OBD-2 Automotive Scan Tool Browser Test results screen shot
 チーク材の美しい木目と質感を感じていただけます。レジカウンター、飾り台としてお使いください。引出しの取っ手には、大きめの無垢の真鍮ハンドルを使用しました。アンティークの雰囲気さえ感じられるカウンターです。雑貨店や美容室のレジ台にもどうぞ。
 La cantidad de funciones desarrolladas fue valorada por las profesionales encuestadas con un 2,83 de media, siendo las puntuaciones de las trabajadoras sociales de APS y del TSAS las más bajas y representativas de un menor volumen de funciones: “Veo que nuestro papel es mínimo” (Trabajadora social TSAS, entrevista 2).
--
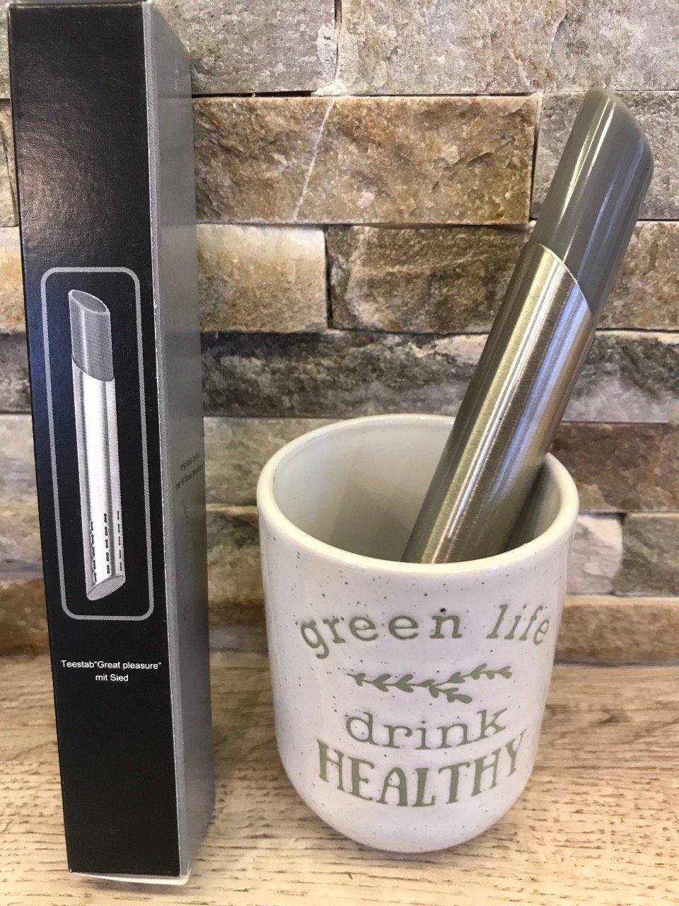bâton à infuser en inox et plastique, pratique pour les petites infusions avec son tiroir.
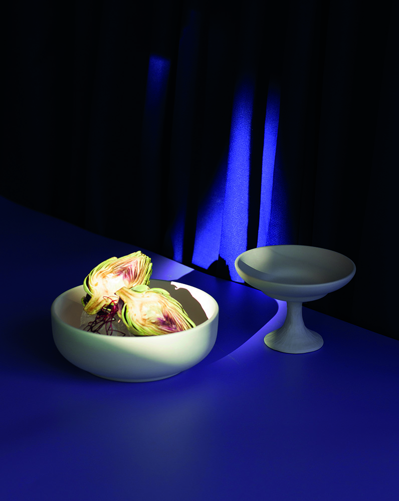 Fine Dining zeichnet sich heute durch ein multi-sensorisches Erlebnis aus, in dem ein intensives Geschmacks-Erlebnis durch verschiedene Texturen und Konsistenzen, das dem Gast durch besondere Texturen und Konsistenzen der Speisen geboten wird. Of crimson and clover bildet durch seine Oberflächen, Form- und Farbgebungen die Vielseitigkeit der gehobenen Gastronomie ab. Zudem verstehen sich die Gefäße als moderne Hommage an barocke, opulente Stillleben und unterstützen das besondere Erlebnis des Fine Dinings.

# [What is required]
Look above for the line with "bâton à infuser" and the line with "Fine Dining zeichnet"; set down those two lines and all lines between them exactly, without pictures and without anything else.

# [Solution for this task]
bâton à infuser en inox et plastique, pratique pour les petites infusions avec son tiroir.
 Fine Dining zeichnet sich heute durch ein multi-sensorisches Erlebnis aus, in dem ein intensives Geschmacks-Erlebnis durch verschiedene Texturen und Konsistenzen, das dem Gast durch besondere Texturen und Konsistenzen der Speisen geboten wird. Of crimson and clover bildet durch seine Oberflächen, Form- und Farbgebungen die Vielseitigkeit der gehobenen Gastronomie ab. Zudem verstehen sich die Gefäße als moderne Hommage an barocke, opulente Stillleben und unterstützen das besondere Erlebnis des Fine Dinings.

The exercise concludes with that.